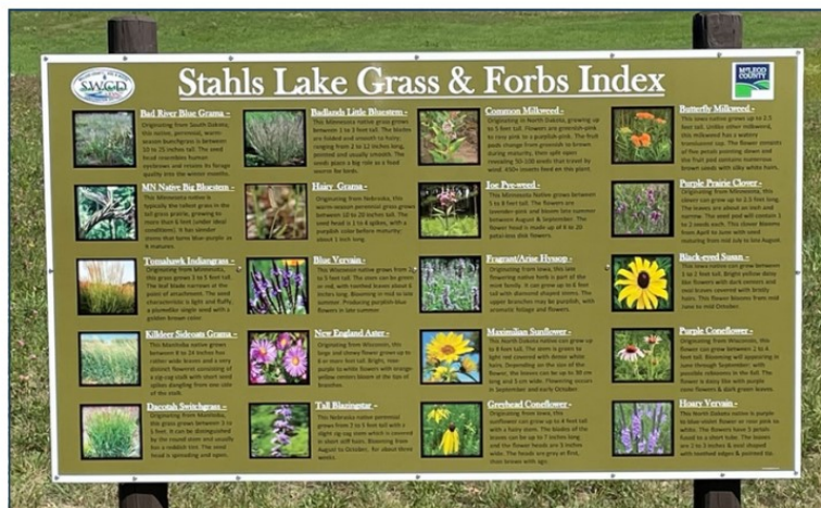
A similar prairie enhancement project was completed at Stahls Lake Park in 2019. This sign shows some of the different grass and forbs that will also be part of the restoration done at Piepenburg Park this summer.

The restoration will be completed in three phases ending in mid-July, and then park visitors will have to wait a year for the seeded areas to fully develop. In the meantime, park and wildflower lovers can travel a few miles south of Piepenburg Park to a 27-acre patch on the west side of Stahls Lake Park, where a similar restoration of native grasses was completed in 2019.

---

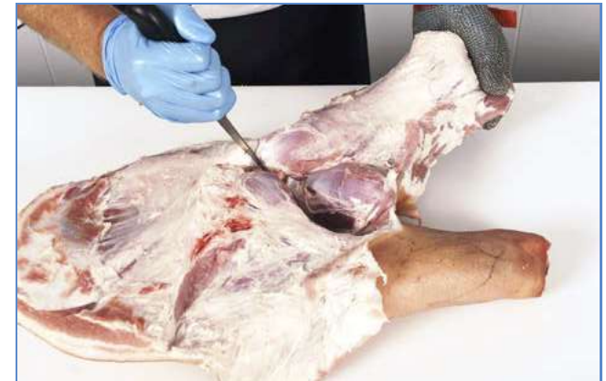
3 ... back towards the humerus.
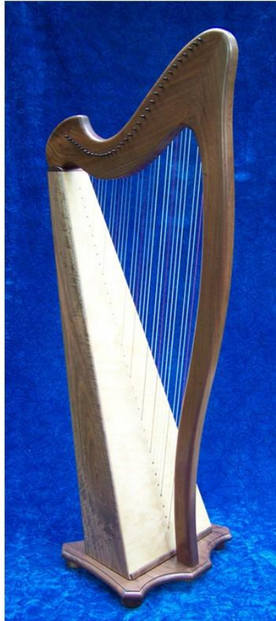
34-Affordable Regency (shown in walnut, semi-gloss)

» Aim of the task:
Once the line with "3 ... back towards the humerus." is found in the data above, reproduce it and each line after it exactly, through the line with "34-Affordable Regency (shown". Omit the pictures.

» Output for this exercise:
3 ... back towards the humerus.
34-Affordable Regency (shown in walnut, semi-gloss)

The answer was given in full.